The names usually given to this family on different submanifolds are:
- Circle: von Mises
- Sphere: von Mises-Fisher/Fisher/Langevin
- Stiefel: Matrix von Mises-Fisher/matrix Fisher/matrix Langevin

> [!NOTE]
> Some authors[^Chikuse1995] define the "matrix Langevin" distribution on the Grassmann manifold as distribution with the above density when the point is a projector matrix. However, upon changing the point to a subspace, one gets the Bingham distribution, so we here keep the distinction that vMF is for Stiefel and its submanifolds and Bingham is for Grassmann and its submanifolds.

> [!NOTE]
> For $\mathbb{F}=\mathbb{C}$, we could equivalently write $`\eta=\begin{bmatrix}\eta_r \\ \eta_i\end{bmatrix} \in \mathbb{R}^{2n\times k}`$ and $`T(x) = \begin{bmatrix} \Re(x) \\ \Im(x)\end{bmatrix}`$ to get the density in the usual exponential family form $`c_{n,k,\mathbb{C}}(\eta)^{-1} \exp(\langle \eta, T(x)\rangle)`$, and a similar approach can be taken when $\mathbb{F}=\mathbb{H}$. But the form above using the real inner product is cleaner.

## Parameterizations

### Canonical

In the canonical parameterization, we have a single $n \times k$ parameter matrix $\eta$.
This corresponds to the $(c)$ parameterization of von Mises-Fisher and the $(F)$ parameter of matrix von Mises-Fisher.
This parameterization is most convenient if the parameter is fixed, and one just needs the unnormalized density.

### SVD

Let $\eta = U D V^\mathrm{H}$ be the SVD of $\eta$.
It can be made unique by choice of sign/phase convention if all singular values are distinct and non-zero.
This parameterization is most convenient if one needs the normalization constant and/or mode.

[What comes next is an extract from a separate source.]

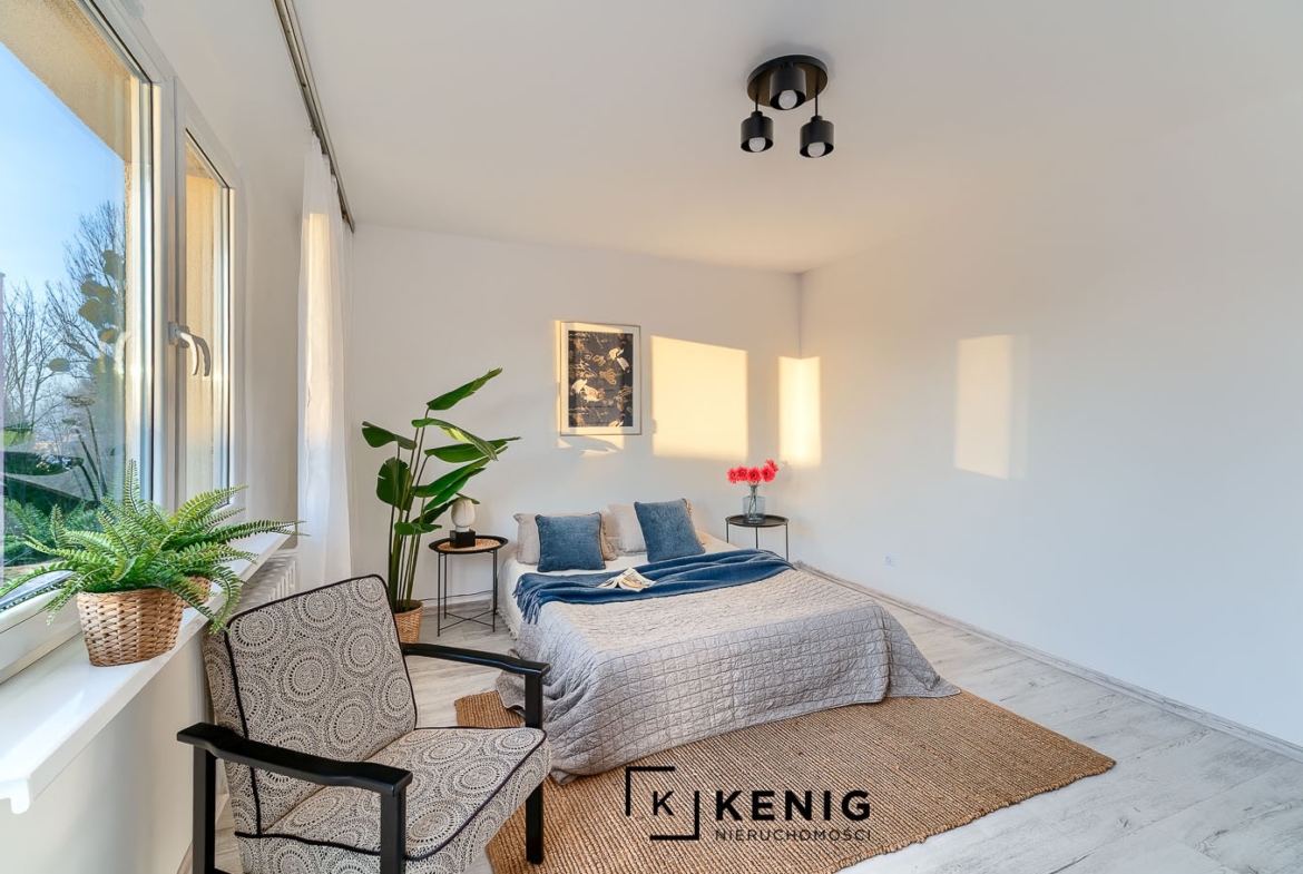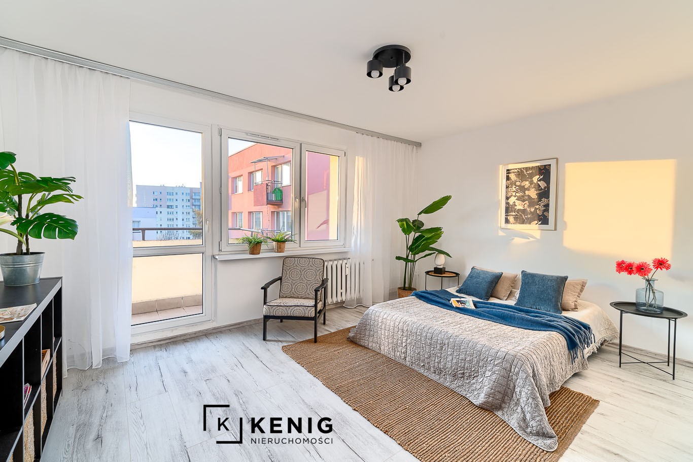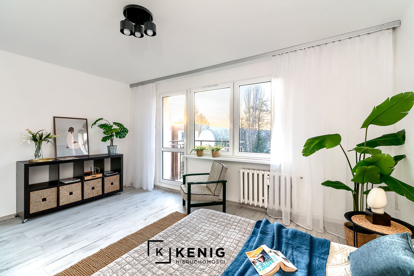 Przestronna sypialnia zmieści podwójne łóżko, zestaw mebli RTV lub biblioteczkę. Wzdłuż ściany sąsiadującej z małym pokojem można zabudować pojemną szafę garderobianą. Balkon, choć może nie imponujących rozmiarów, będzie doskonałym miejscem i na poranną kawę, i na obserwowanie zachodów słońca.

For the Sphere and Circle, $V=1$, $\mu=U$ is a vector/scalar, and $D=\kappa$ is a positive scalar.

For $\mathrm{SO}(n)$, if $\tilde{U} \tilde{D} \tilde{V}^\mathrm{T}=\eta$ is an SVD decomposition, we use instead $U = \tilde{U} \mathrm{diag}([1, 1, \ldots, \det(\tilde{U})]) \in \mathrm{SO}(n)$, $D = [\tilde{d}_1, \ldots, \det(\tilde{U}) \det(\tilde{V}) \tilde{d}_n]$, and $V = \tilde{V}\mathrm{diag}([1, 1, \ldots, \det(\tilde{V})]) \in \mathrm{SO}(n)$.
Thus the sign of the determinant of $\eta$ is entirely determined by the sign of the final entry in $D$.

### Polar/Mode-Concentration (not planned)

The polar decomposition is $\eta = MK$ for $M \in \mathrm{St}(n, k, \mathbb{F})$ and positive semi-definite $K$.
It is unique under the same conditions as the SVD of $\eta$.
When the SVD is unique, $M$ is the unique mode.
$K$ is positive-definite iff the singular values of $D$ are all non-zero.
Note that $M = U V^\mathrm{H}$ and $K=V D V^\mathrm{H}$, so $\eta^\mathrm{H} \eta = K^2$.
We could call either $D$ or $K$ the concentration parameter, but section 13.2.3 of [^Mardia2009] calls $K$ the concentration parameter.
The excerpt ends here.